Text includes a lot of punctuation, which we need to remove if we want to work only with the actual words.

Run the cell below to strip all the punctuation from the text and convert the words to lower case.

In [None]:
from string import punctuation

# remove numeric digits
txt = ''.join(c for c in doc1Txt if not c.isdigit())

# remove punctuation and make lower case
txt = ''.join(c for c in txt if c not in punctuation).lower()

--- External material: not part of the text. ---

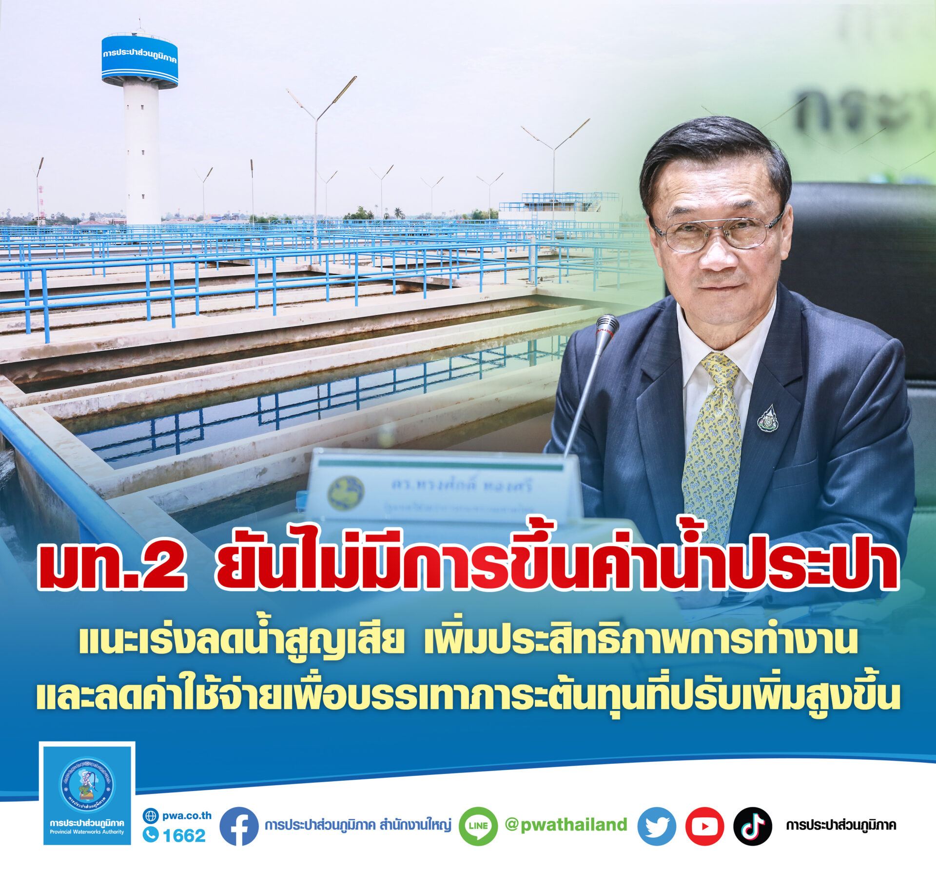 มท.2 กล่าวเพิ่มเติมว่า ได้เน้นย้ำให้ กปภ. มุ่งมั่นดำเนินงานทั้งการขยายเขตให้บริการน้ำประปารองรับความต้องการใช้น้ำในส่วนภูมิภาคเพื่อประโยชน์ของประชาชน สอดคล้องกับนโยบาย “บำบัดทุกข์ บำรุงสุข” ของกระทรวงมหาดไทย ตลอดจนให้ความสำคัญในการบริหารจัดการลดน้ำสูญเสียเพื่อให้มีปริมาณน้ำกลับคืนมาให้บริการประชาชนเพิ่มมากขึ้น เพิ่มประสิทธิภาพกระบวนการทำงานและลดค่าใช้จ่ายในการดำเนินงานต่าง ๆ ซึ่งจะช่วยบรรเทาภาระต้นทุนที่ปรับเพิ่มสูงขึ้น

# print the normalized text
print (txt)

#### Get the Frequency Distribution
Now let's tokenize the text (split it into individual words), and count the number of times each word occurs.

In [None]:
import nltk
import pandas as pd
from nltk.probability import FreqDist
nltk.download("punkt")

# Tokenize the text into individual words
words = nltk.tokenize.word_tokenize(txt)

# Get the frequency distribution of the words into a data frame
fdist = FreqDist(words)
count_frame = pd.DataFrame(fdist, index =[0]).T
count_frame.columns = ['Count']
print (count_frame)

#### Visualize Word Frequency
It's often easier to analyze frequency by creating a visualization, such as a Pareto chart.

In [None]:
%matplotlib inline
import matplotlib.pyplot as plt

# Sort the data frame by frequency
counts = count_frame.sort_values('Count', ascending = False)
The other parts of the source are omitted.